## Records from a dataset
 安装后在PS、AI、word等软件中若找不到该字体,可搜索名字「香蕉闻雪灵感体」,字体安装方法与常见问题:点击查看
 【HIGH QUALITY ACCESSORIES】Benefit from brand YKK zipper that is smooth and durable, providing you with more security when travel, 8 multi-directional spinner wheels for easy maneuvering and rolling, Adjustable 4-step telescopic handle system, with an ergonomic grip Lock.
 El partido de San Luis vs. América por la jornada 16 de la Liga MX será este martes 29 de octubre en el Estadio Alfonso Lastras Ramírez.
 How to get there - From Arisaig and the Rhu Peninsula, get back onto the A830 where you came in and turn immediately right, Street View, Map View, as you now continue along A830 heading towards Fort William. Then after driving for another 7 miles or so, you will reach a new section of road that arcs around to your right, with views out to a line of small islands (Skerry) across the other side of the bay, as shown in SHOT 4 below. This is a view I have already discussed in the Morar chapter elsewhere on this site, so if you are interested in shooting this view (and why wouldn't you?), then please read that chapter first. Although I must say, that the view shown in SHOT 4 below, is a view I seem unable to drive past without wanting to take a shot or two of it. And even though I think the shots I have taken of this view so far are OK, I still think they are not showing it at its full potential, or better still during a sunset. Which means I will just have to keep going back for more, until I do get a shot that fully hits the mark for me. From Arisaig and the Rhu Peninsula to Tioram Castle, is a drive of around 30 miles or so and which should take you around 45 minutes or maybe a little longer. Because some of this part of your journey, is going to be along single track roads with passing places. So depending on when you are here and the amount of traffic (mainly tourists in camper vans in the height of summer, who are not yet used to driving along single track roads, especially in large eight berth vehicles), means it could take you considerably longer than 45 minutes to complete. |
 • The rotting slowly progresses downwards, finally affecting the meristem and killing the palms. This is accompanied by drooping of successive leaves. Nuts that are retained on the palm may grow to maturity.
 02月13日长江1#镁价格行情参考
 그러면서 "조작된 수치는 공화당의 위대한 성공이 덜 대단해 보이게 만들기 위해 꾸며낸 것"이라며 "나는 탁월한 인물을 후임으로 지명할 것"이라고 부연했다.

## Task brief
Lines from the top of the entries above to the line that contains "02月13日长江1#镁价格行情参考" should be set down exactly, please, with both ends kept and nothing added.

## Reply
 安装后在PS、AI、word等软件中若找不到该字体,可搜索名字「香蕉闻雪灵感体」,字体安装方法与常见问题:点击查看
 【HIGH QUALITY ACCESSORIES】Benefit from brand YKK zipper that is smooth and durable, providing you with more security when travel, 8 multi-directional spinner wheels for easy maneuvering and rolling, Adjustable 4-step telescopic handle system, with an ergonomic grip Lock.
 El partido de San Luis vs. América por la jornada 16 de la Liga MX será este martes 29 de octubre en el Estadio Alfonso Lastras Ramírez.
 How to get there - From Arisaig and the Rhu Peninsula, get back onto the A830 where you came in and turn immediately right, Street View, Map View, as you now continue along A830 heading towards Fort William. Then after driving for another 7 miles or so, you will reach a new section of road that arcs around to your right, with views out to a line of small islands (Skerry) across the other side of the bay, as shown in SHOT 4 below. This is a view I have already discussed in the Morar chapter elsewhere on this site, so if you are interested in shooting this view (and why wouldn't you?), then please read that chapter first. Although I must say, that the view shown in SHOT 4 below, is a view I seem unable to drive past without wanting to take a shot or two of it. And even though I think the shots I have taken of this view so far are OK, I still think they are not showing it at its full potential, or better still during a sunset. Which means I will just have to keep going back for more, until I do get a shot that fully hits the mark for me. From Arisaig and the Rhu Peninsula to Tioram Castle, is a drive of around 30 miles or so and which should take you around 45 minutes or maybe a little longer. Because some of this part of your journey, is going to be along single track roads with passing places. So depending on when you are here and the amount of traffic (mainly tourists in camper vans in the height of summer, who are not yet used to driving along single track roads, especially in large eight berth vehicles), means it could take you considerably longer than 45 minutes to complete. |
 • The rotting slowly progresses downwards, finally affecting the meristem and killing the palms. This is accompanied by drooping of successive leaves. Nuts that are retained on the palm may grow to maturity.
 02月13日长江1#镁价格行情参考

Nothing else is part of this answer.